I'm feeling the need to document something about the past few days. Hmm... What to remember and what to forget? Well, our visit to the Post Ranch Inn in Big Sur was really nice. Our cottage was perched on the edge of a cliff overlooking the Pacific Ocean. It was incredible. The service was excellent, the food was great. We loved everything about the place: the serenity hot pool overlooking the ocean, the exercise room, the spa, the trail to the restaurant that wound through a redwood grove, the ice chests placed periodically on the path that held bottled water, the intimacy and privacy of the grounds, the lack of electronic media including computers and televisions, the constant sound that is the ocean beating in the distance, the sunlight and the perfect weather and the light breeze, the pool and how we had lunch delivered while we sat under an umbrella reading. It was Paradise on Earth and we were lucky enough to experience it for a couple of days.

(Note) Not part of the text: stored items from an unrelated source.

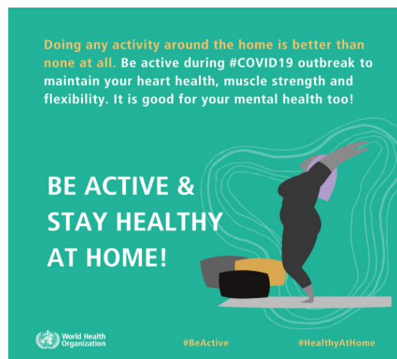
Figure 2. Be active & stay healthy at home!

Pragmatic analysis was used to examine verbal data using the Speech Act framework from Searle (2005) and the direct speech act and indirect speech act from Yule (1996). The text "Be active at home during #COVID19 outbreak!" is a poster title in the form of an imperative with directive illocutionary power so that it is categorized as a direct speech act. The following sentences, namely "Try exercise classes online", "Dance to music", "Play active video games", "Try skipping rope", and "Do some muscle strength & balance training" are also imperative with directive illocutionary power so that they are categorized as a direct speech act.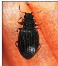
PLASTER BEETLE Lathrididae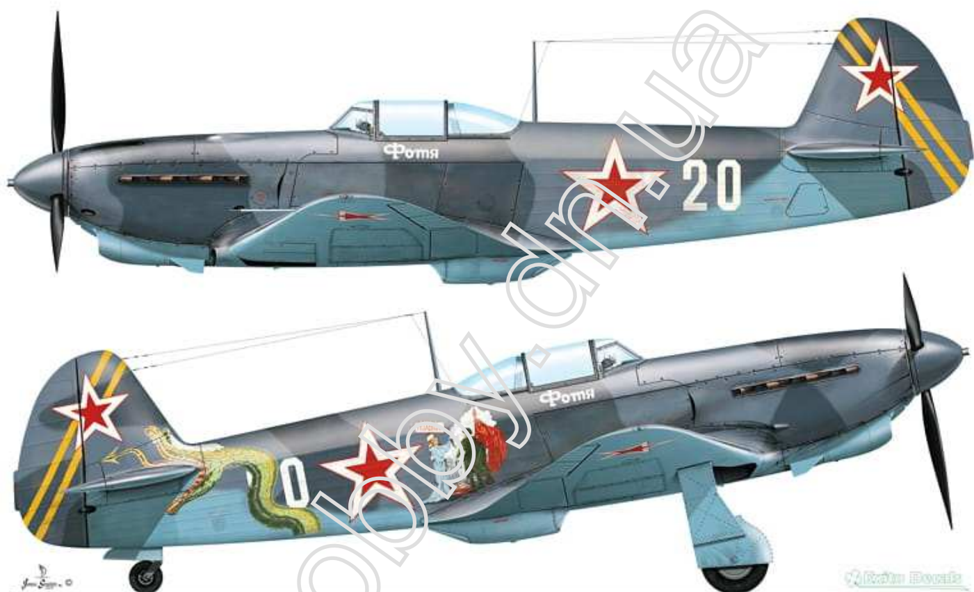
Yakovlev Yak-1b, most likely code 'White 20', flown by Snr. Lt. Fotiy Y. Morozov of 31st GIAP / 6th GIAD, 4th Ukrainian Front, first half of 1944.

I needed the break but it unfortunately wasn't enough. Not sure exactly what would constitute enough or if the foul mood I've been in for weeks is here to stay forever. As I approach the anniversary of being five months sober, I would have to describe my overall state of mind as completely miserable
. Oh, maybe that's not 100% true. Maybe I'm completely miserable about 50% of the time and totally happy the other 50%. And maybe that's normal. After all, who is happy 100% of the time? In that case I would have to describe my overall state of mind as moderately miserable with occasional light showers
The kids are in bed now and the house is quiet. I can hear the trees outside moving in the wind. Maybe I'll find something wonderful on the Internet that will cause my mood to shift. If not, there's always tomorrow.